[Supplied material]:

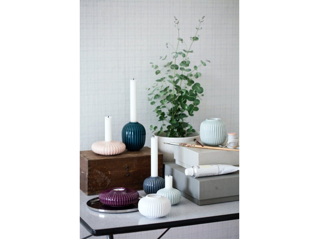Kolekce Hammershøi od Kähler se stala velmi oblíbenou pro své typické jemné rýhování, za kterým stojí norský designér Hans-Christian Bauer. Objevíte zde nádherné svícny různých barev a velikostí, které se vzájemně perfektně doplňují a díky tomu můžete vytvořit jedinečnou kombinaci pro váš domov. Svícny z kolekce Hammershøi dodají vašemu domovu tu pravou skandinávskou eleganci a spolehlivě vykouzlí sváteční atmosféru. Keramické svícny jsou vyráběny jak pro svíčky čajové, tak i pro dlouhé a úzké svíce. Obě varianty najdete v naší nabídce.
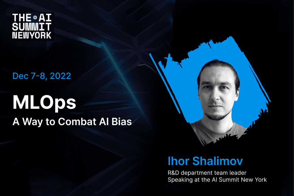 Along with that, Ihor Shalimov will share his vision on the topic “MLOps – A Way to Combat AI Bias” on the AI Summit New York stage
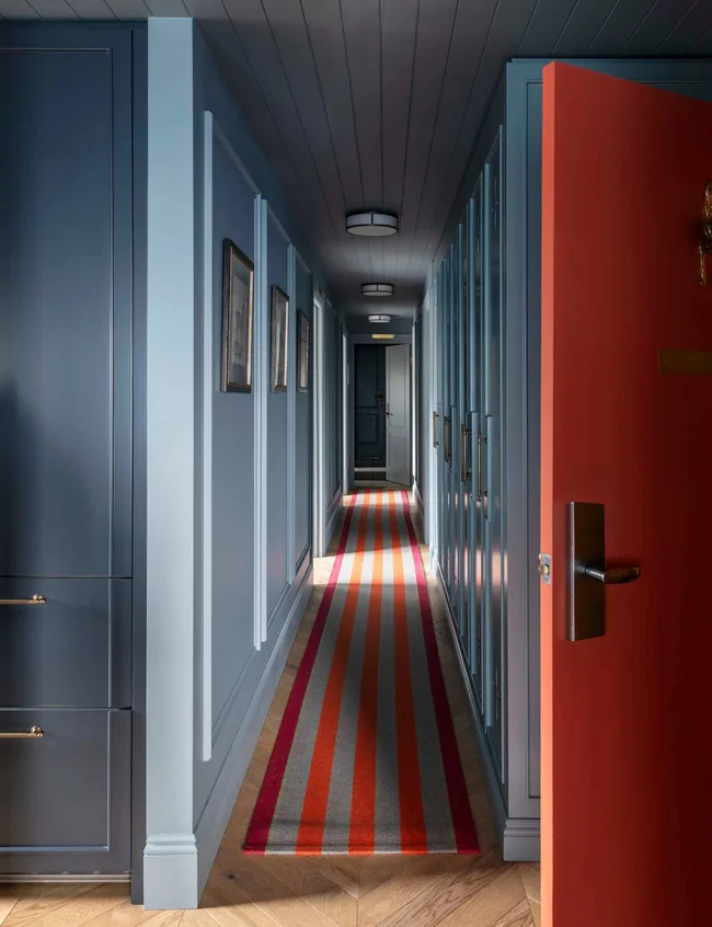 «Nous avons soigneusement conçu chaque pouce carré du couloir avec une menuiserie personnalisée, donc même si c’est un espace de transition avec un grand rangement, il se sent également et est si beau avec des illustrations, un éclairage et un coureur absolument magnifique», explique Kate. Le coureur est composé de 50% de Nouvelle-Zélande et de 50% de laine britannique.
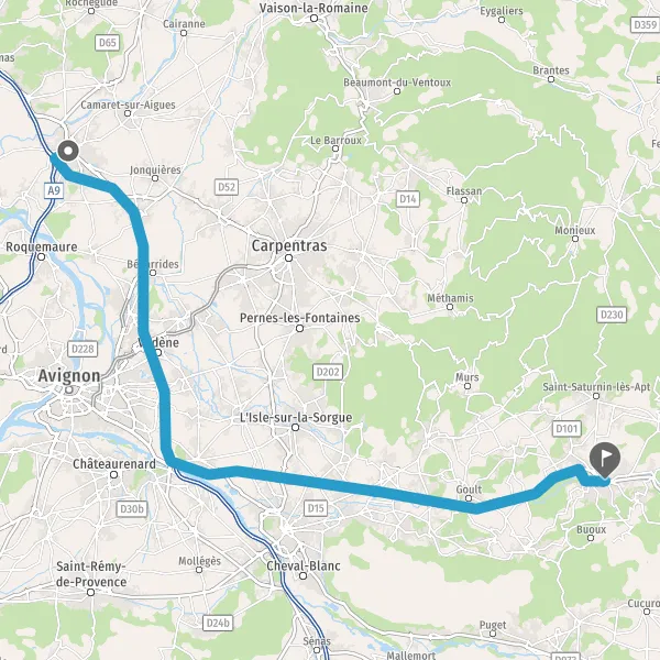 Au rond-point, prendre la 3ème sortie sur D900 (Route d'Avignon) et continuer sur 9,3 kilomètres

[How to complete this task]: Copy out, with no pictures, the lines from the one containing "Along with that, Ihor" through the last line of the data above, both ends included and each word unchanged.

[Result for this exercise]:
 Along with that, Ihor Shalimov will share his vision on the topic “MLOps – A Way to Combat AI Bias” on the AI Summit New York stage
 «Nous avons soigneusement conçu chaque pouce carré du couloir avec une menuiserie personnalisée, donc même si c’est un espace de transition avec un grand rangement, il se sent également et est si beau avec des illustrations, un éclairage et un coureur absolument magnifique», explique Kate. Le coureur est composé de 50% de Nouvelle-Zélande et de 50% de laine britannique.
 Au rond-point, prendre la 3ème sortie sur D900 (Route d'Avignon) et continuer sur 9,3 kilomètres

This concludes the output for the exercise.